In June 2010, Gerardo Salvati fell to his death while inspecting the brick facade at the Lovejoy Wharf building in Boston, after a “sizeable chunk of brickwork came loose and suddenly fell from the building.” In 2011, Salvati’s wife sued the building’s owners for wrongful death, alleging that “the building had been in a state of disrepair for years, and the owners of the property were aware that the building’s loose and decaying brickwork was in need of repair.”

The defendants had two insurance policies: a primary policy through Western World Insurance Company (“Western World”) in the amount of $1 million and an excess policy through the American Insurance Company (“AIC”) in the amount of $9 million (the “Excess Policy”). The defendants informed both insurance companies of Salvati’s claims. AIC informed defendants that it would not defend or indemnify them for damages from Salvati’s suit.

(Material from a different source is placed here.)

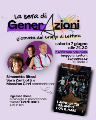 Sera – GDL Caterpillar Rai Radio 2 alla Biblioteca Archimede: alle 21.30, presso la Biblioteca Archimede, è in programma l’incontro con il Gruppo di Lettura Caterpillar Rai Radio 2, insieme a Massimo Cirri, Sara Zambotti e Simonetta Bitasi. Il gruppo discuterà il libro “L’anno in cui parlammo con il mare” di Andrés Montero (Edicola Ediciones, 2024).

Salvati and the defendants reached a settlement agreement for $6 million in 2014. The Settlement Agreement had three key components:  (1) it “provided for the total payment of $6,000,000 to Salvati;” (2) in exchange for tendering the full $1 million of the Western World primary insurance policy, the Agreement released both Western World and the defendants from any further liability; and (3) the Agreement assigned all rights previously held by the defendants against AIC to Salvati, allowing her to seek recovery of the remaining $5 million from the Excess Policy. Importantly, the Agreement also stipulated that the settlement was not contingent on the ultimate availability of the excess coverage, and that the defendants did not represent that excess coverage was necessarily available. Also, the defendants expressly disclaimed wrongdoing in the Agreement. Upon settlement, Salvati’s case against defendants was dismissed with prejudice.

In 2015, Salvati, as assignee, sued AIC for the remaining $ 5 million, claiming breach of contract. The AIC policy provided that AIC would “pay on behalf of any Insured those sums in excess of the Primary Insurance that any Insured becomes legally obligated to pay as damages.” AIC defended, first arguing that the settlement did not trigger coverage because only a judgment can “legally obligate[ ]” a party to pay “damages.” While the trial court agreed with this reasoning, the First Circuit disagreed. Applying Massachusetts contract law, the First Circuit held that the term “damages” did not require a judgment, and also that the remaining provisions of the policy (including its definition of “suit” and use of the term “settlement”) supported the reading that a settlement may constitute a “legal obligation to pay” under the policy.

AIC also argued that even if a settlement could trigger coverage, the settlement at issue did not because it did not actually obligate the insureds to pay anything other than the $1 million Western World policy. The First Circuit agreed with AIC on this point, and held that Salvati had failed to explain how the terms of the settlement at issue actually obligated the insureds to pay any additional sum. However, the First Circuit went out of its way to state that a settlement agreement in this case could have been structured in a way to trigger excess coverage under the AIC policy, noting that the Massachusetts Supreme Court has approved the practice of reducing a settlement to a judgment, along with a separate agreement releasing the insured from liability. The First Circuit noted that “[t]he difference between this approach and the Settlement Agreement may seem technical, but it is significant.”

The Salvati case serves as a reminder of the issues that can arise between primary and excess insurance and the significant impact that an imprecisely worded settlement agreement can have on the availability of insurance for the settlement. Experienced coverage counsel can help navigate these wording issues and help ensure that primary and excess policies work together to achieve their intended purpose.